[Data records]
+++

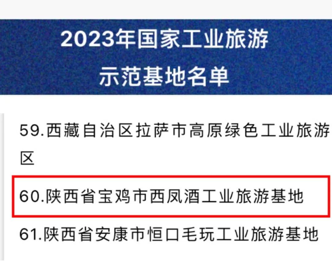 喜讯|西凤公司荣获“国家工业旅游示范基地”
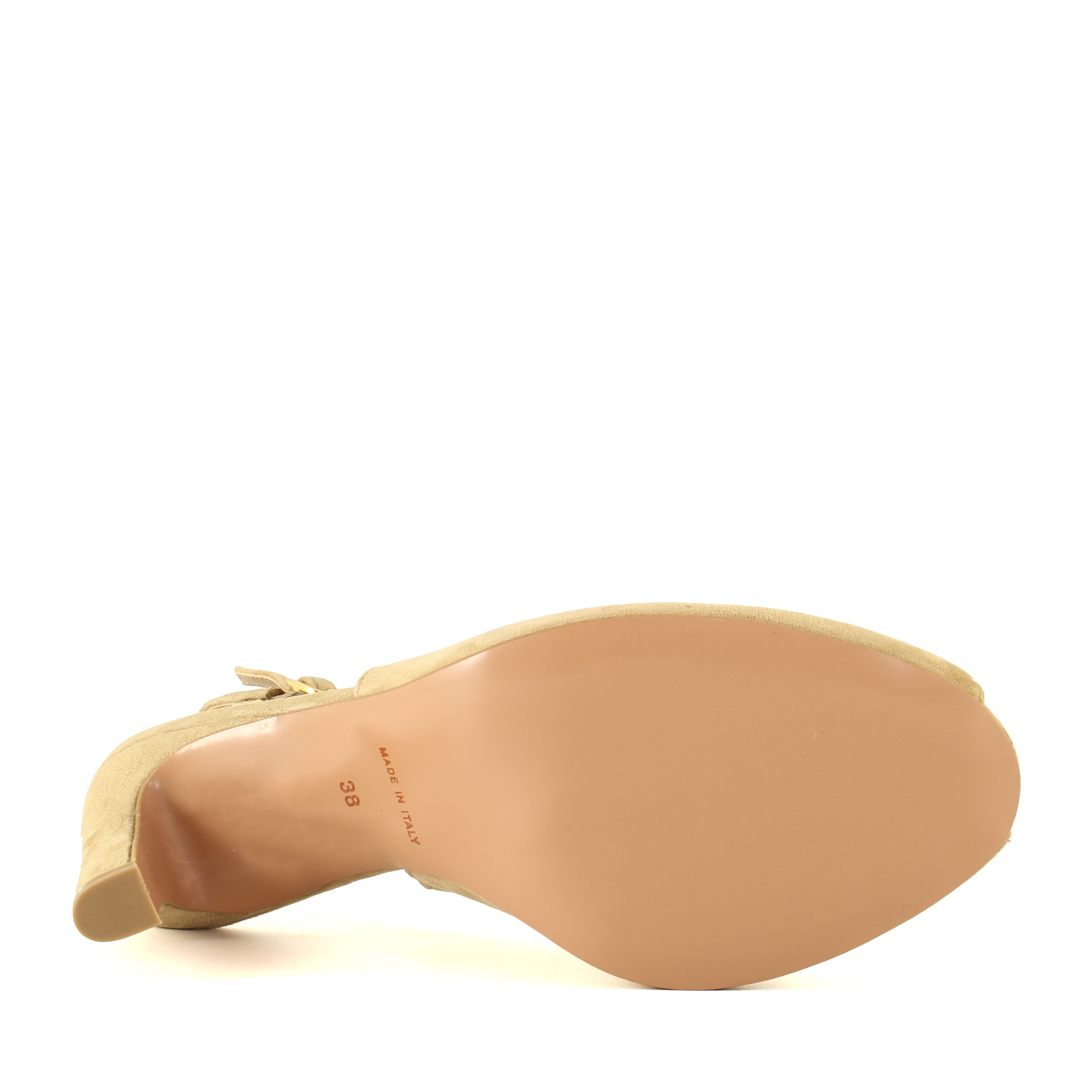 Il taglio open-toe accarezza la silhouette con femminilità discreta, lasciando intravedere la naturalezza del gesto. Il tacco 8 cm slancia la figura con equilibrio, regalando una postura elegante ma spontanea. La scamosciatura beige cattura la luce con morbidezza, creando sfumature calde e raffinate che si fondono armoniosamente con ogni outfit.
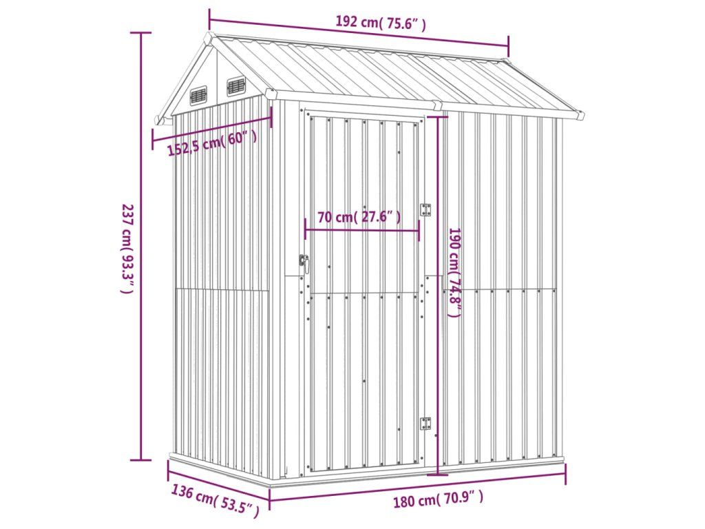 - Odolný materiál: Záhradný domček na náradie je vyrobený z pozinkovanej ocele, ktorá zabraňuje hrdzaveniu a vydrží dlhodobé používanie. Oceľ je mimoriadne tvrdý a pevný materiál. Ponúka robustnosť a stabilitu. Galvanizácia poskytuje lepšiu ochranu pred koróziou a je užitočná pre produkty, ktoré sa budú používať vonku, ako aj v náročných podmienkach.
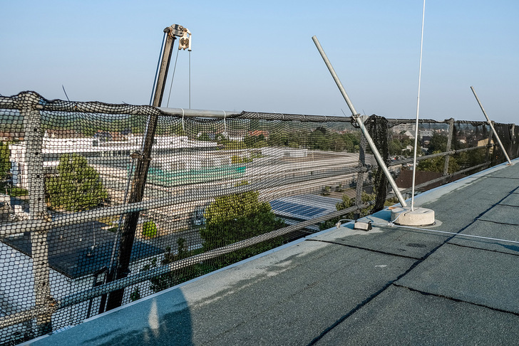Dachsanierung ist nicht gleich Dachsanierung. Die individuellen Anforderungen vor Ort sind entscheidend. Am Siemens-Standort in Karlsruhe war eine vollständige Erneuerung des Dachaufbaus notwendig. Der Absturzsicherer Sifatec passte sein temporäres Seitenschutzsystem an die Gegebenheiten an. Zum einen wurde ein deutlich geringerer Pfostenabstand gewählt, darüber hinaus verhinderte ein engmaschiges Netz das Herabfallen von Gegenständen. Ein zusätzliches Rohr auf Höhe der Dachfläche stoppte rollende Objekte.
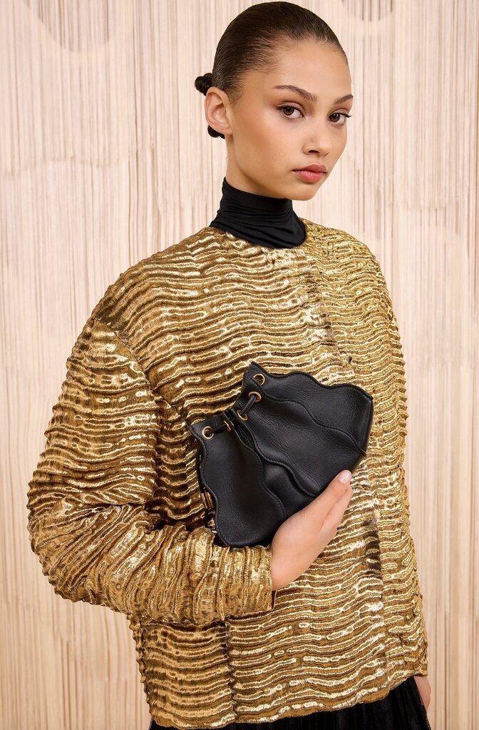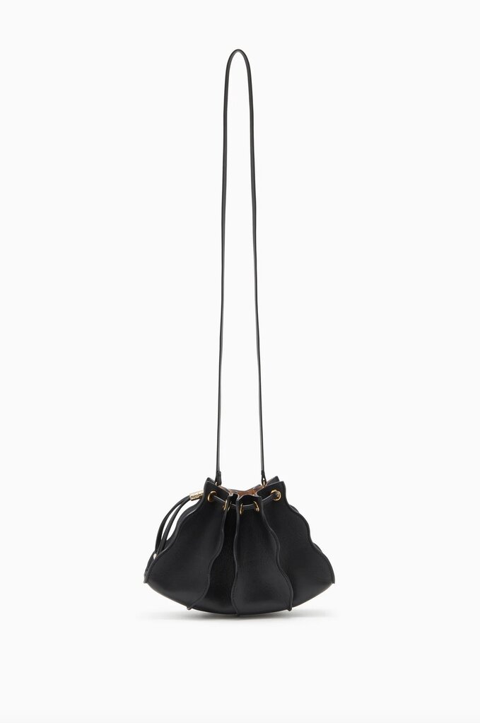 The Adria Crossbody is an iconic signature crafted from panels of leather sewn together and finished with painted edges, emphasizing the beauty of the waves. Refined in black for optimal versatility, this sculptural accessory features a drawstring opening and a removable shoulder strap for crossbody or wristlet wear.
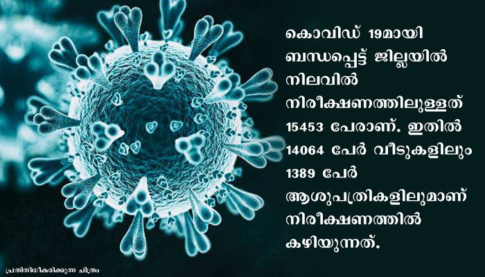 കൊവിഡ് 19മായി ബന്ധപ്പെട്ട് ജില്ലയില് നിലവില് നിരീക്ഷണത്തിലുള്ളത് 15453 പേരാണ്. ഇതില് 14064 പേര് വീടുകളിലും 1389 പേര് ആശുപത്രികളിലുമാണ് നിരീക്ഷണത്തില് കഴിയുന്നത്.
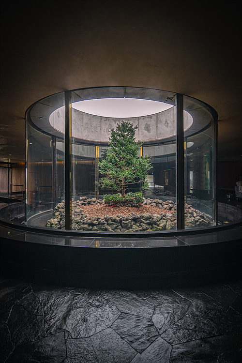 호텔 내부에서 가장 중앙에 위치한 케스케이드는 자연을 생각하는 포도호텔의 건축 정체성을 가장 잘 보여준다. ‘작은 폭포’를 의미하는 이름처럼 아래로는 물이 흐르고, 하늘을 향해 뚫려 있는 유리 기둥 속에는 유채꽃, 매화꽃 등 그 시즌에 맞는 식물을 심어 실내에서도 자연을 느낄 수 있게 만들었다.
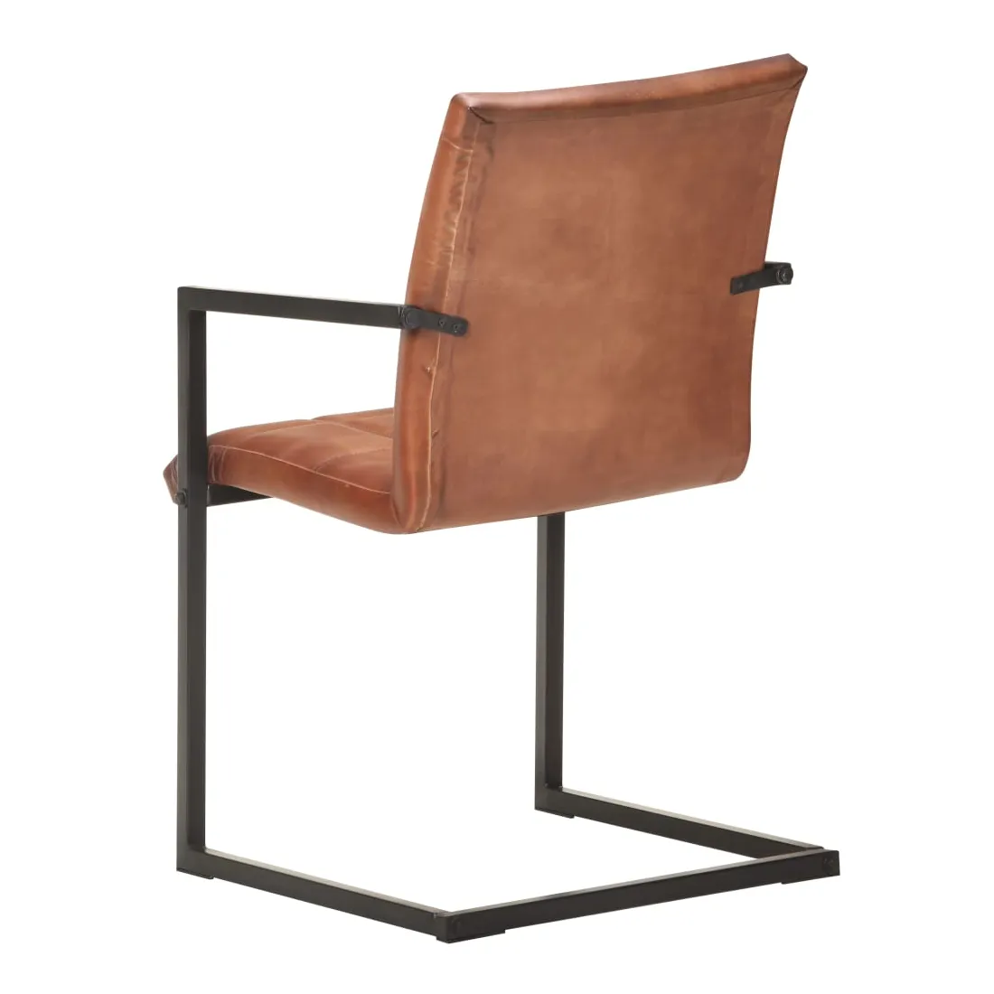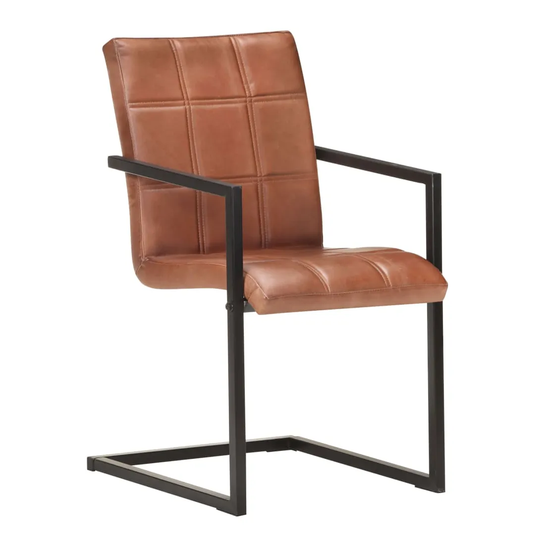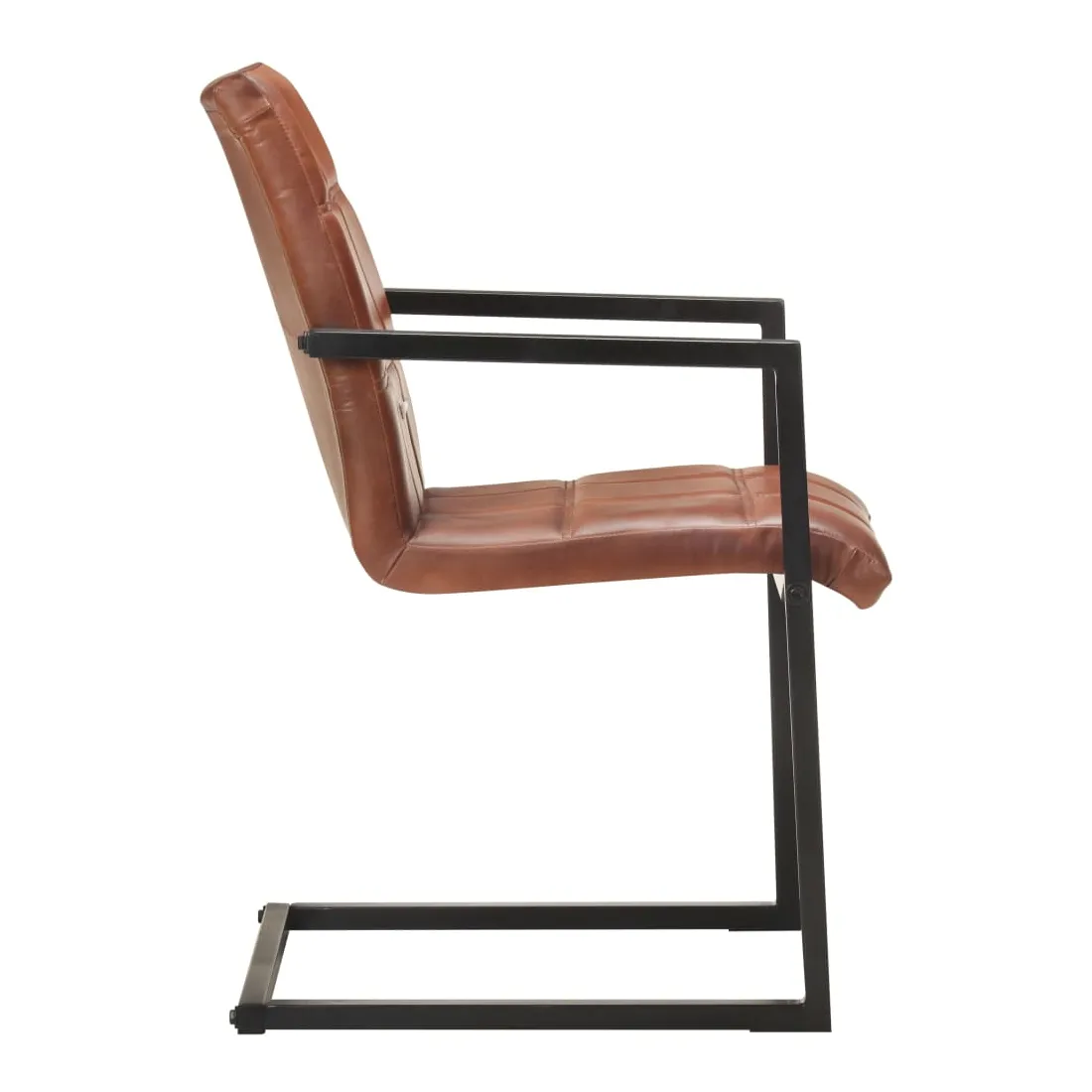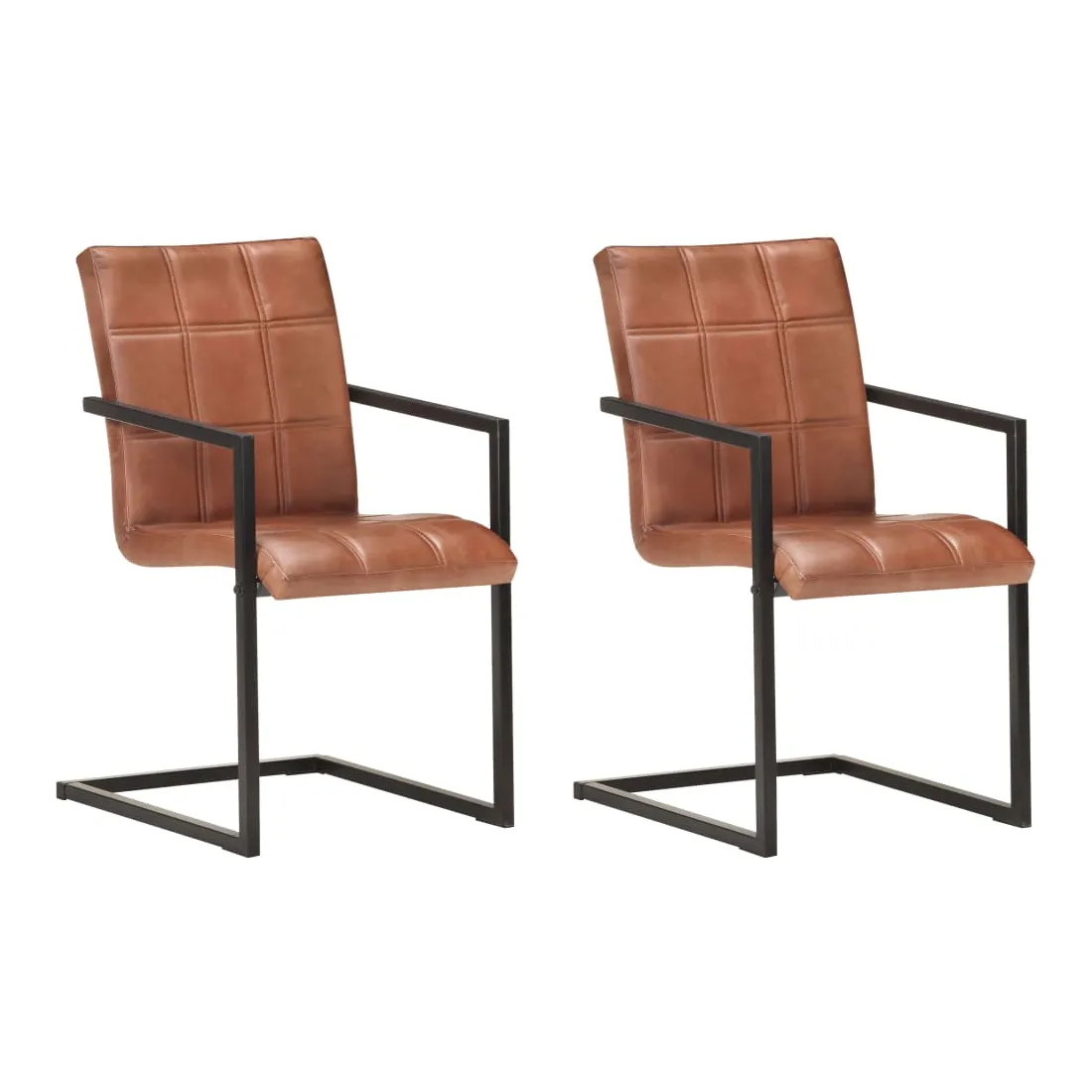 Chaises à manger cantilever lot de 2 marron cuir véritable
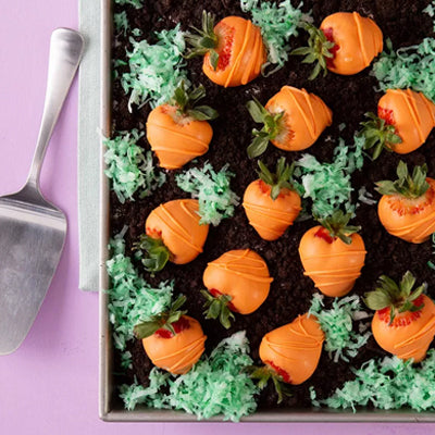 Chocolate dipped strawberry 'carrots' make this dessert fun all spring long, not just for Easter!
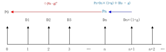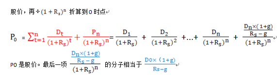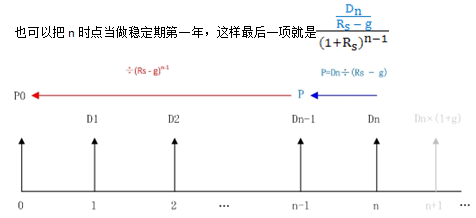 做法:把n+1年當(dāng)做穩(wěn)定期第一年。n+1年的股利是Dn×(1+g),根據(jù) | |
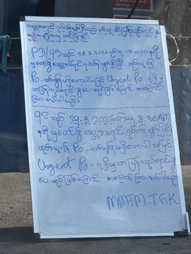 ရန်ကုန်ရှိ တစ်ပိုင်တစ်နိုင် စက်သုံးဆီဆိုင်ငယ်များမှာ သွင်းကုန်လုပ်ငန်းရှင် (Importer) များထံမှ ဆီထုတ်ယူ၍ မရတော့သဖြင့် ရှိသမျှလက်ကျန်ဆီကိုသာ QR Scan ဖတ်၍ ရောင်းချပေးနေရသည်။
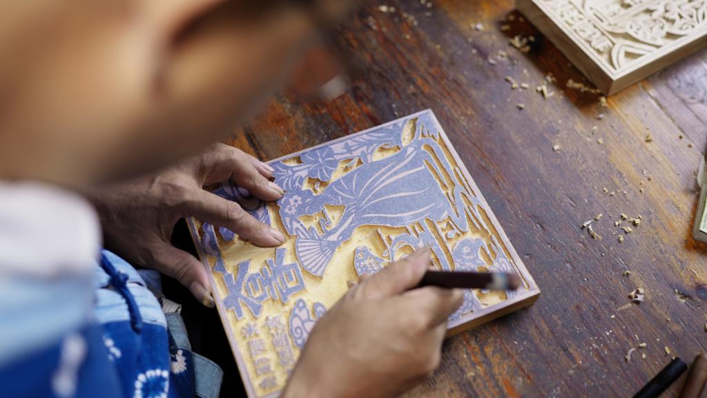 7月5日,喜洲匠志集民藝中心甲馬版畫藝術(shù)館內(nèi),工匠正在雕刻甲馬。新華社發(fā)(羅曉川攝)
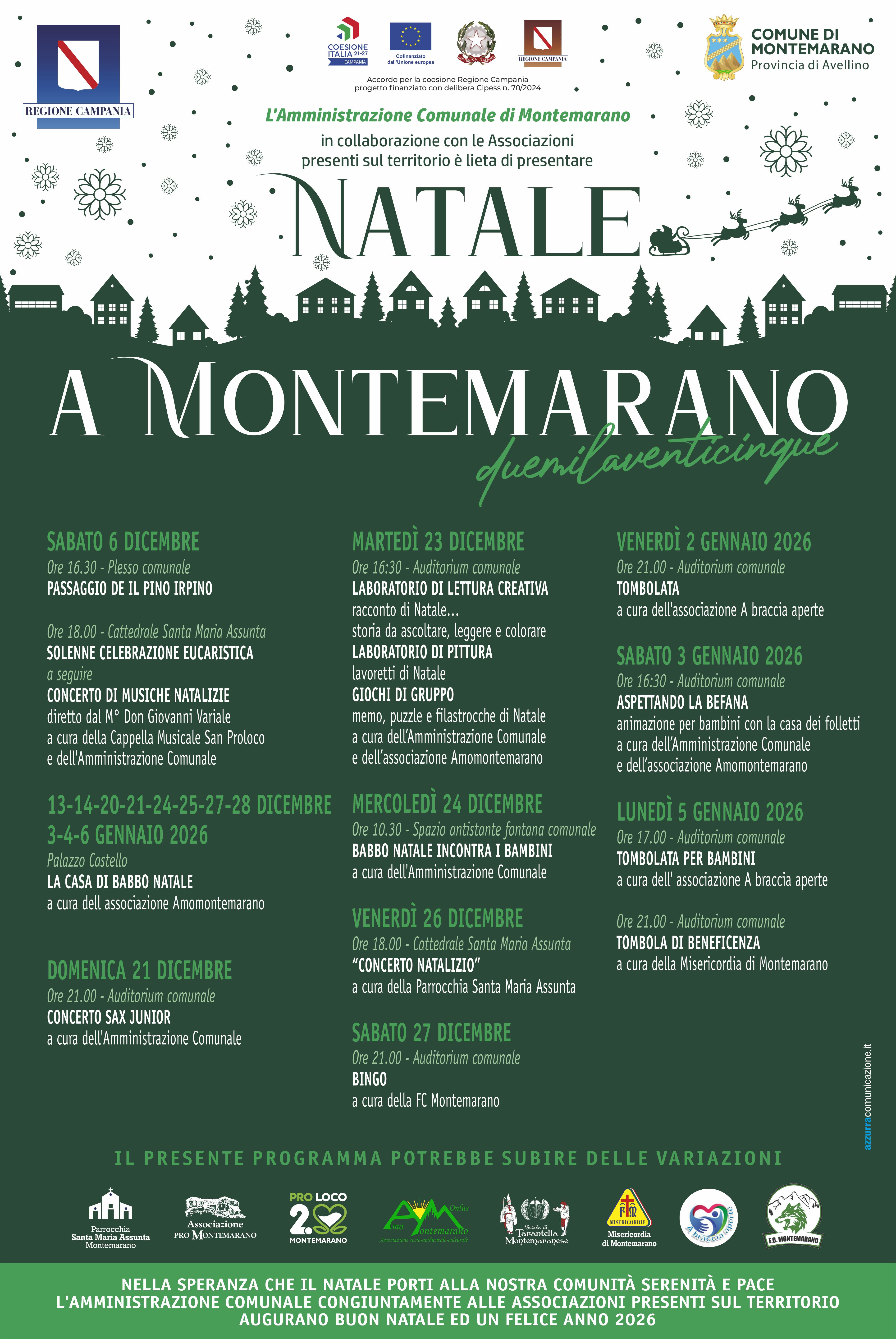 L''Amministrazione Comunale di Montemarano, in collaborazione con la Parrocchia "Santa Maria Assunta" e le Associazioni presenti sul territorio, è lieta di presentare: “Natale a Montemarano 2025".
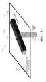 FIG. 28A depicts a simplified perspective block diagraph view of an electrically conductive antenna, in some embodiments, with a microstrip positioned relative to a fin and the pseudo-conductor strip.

+++

**Prompt**: Give the lines of the entries above exactly as they appear, leaving out each picture.

**Solution below**:
 喜讯|西凤公司荣获“国家工业旅游示范基地”
 Il taglio open-toe accarezza la silhouette con femminilità discreta, lasciando intravedere la naturalezza del gesto. Il tacco 8 cm slancia la figura con equilibrio, regalando una postura elegante ma spontanea. La scamosciatura beige cattura la luce con morbidezza, creando sfumature calde e raffinate che si fondono armoniosamente con ogni outfit.
 - Odolný materiál: Záhradný domček na náradie je vyrobený z pozinkovanej ocele, ktorá zabraňuje hrdzaveniu a vydrží dlhodobé používanie. Oceľ je mimoriadne tvrdý a pevný materiál. Ponúka robustnosť a stabilitu. Galvanizácia poskytuje lepšiu ochranu pred koróziou a je užitočná pre produkty, ktoré sa budú používať vonku, ako aj v náročných podmienkach.
Dachsanierung ist nicht gleich Dachsanierung. Die individuellen Anforderungen vor Ort sind entscheidend. Am Siemens-Standort in Karlsruhe war eine vollständige Erneuerung des Dachaufbaus notwendig. Der Absturzsicherer Sifatec passte sein temporäres Seitenschutzsystem an die Gegebenheiten an. Zum einen wurde ein deutlich geringerer Pfostenabstand gewählt, darüber hinaus verhinderte ein engmaschiges Netz das Herabfallen von Gegenständen. Ein zusätzliches Rohr auf Höhe der Dachfläche stoppte rollende Objekte.
 The Adria Crossbody is an iconic signature crafted from panels of leather sewn together and finished with painted edges, emphasizing the beauty of the waves. Refined in black for optimal versatility, this sculptural accessory features a drawstring opening and a removable shoulder strap for crossbody or wristlet wear.
 കൊവിഡ് 19മായി ബന്ധപ്പെട്ട് ജില്ലയില് നിലവില് നിരീക്ഷണത്തിലുള്ളത് 15453 പേരാണ്. ഇതില് 14064 പേര് വീടുകളിലും 1389 പേര് ആശുപത്രികളിലുമാണ് നിരീക്ഷണത്തില് കഴിയുന്നത്.
 호텔 내부에서 가장 중앙에 위치한 케스케이드는 자연을 생각하는 포도호텔의 건축 정체성을 가장 잘 보여준다. ‘작은 폭포’를 의미하는 이름처럼 아래로는 물이 흐르고, 하늘을 향해 뚫려 있는 유리 기둥 속에는 유채꽃, 매화꽃 등 그 시즌에 맞는 식물을 심어 실내에서도 자연을 느낄 수 있게 만들었다.
 Chaises à manger cantilever lot de 2 marron cuir véritable
 Chocolate dipped strawberry 'carrots' make this dessert fun all spring long, not just for Easter!
 做法:把n+1年當(dāng)做穩(wěn)定期第一年。n+1年的股利是Dn×(1+g),根據(jù) | |
 ရန်ကုန်ရှိ တစ်ပိုင်တစ်နိုင် စက်သုံးဆီဆိုင်ငယ်များမှာ သွင်းကုန်လုပ်ငန်းရှင် (Importer) များထံမှ ဆီထုတ်ယူ၍ မရတော့သဖြင့် ရှိသမျှလက်ကျန်ဆီကိုသာ QR Scan ဖတ်၍ ရောင်းချပေးနေရသည်။
 7月5日,喜洲匠志集民藝中心甲馬版畫藝術(shù)館內(nèi),工匠正在雕刻甲馬。新華社發(fā)(羅曉川攝)
 L''Amministrazione Comunale di Montemarano, in collaborazione con la Parrocchia "Santa Maria Assunta" e le Associazioni presenti sul territorio, è lieta di presentare: “Natale a Montemarano 2025".
 FIG. 28A depicts a simplified perspective block diagraph view of an electrically conductive antenna, in some embodiments, with a microstrip positioned relative to a fin and the pseudo-conductor strip.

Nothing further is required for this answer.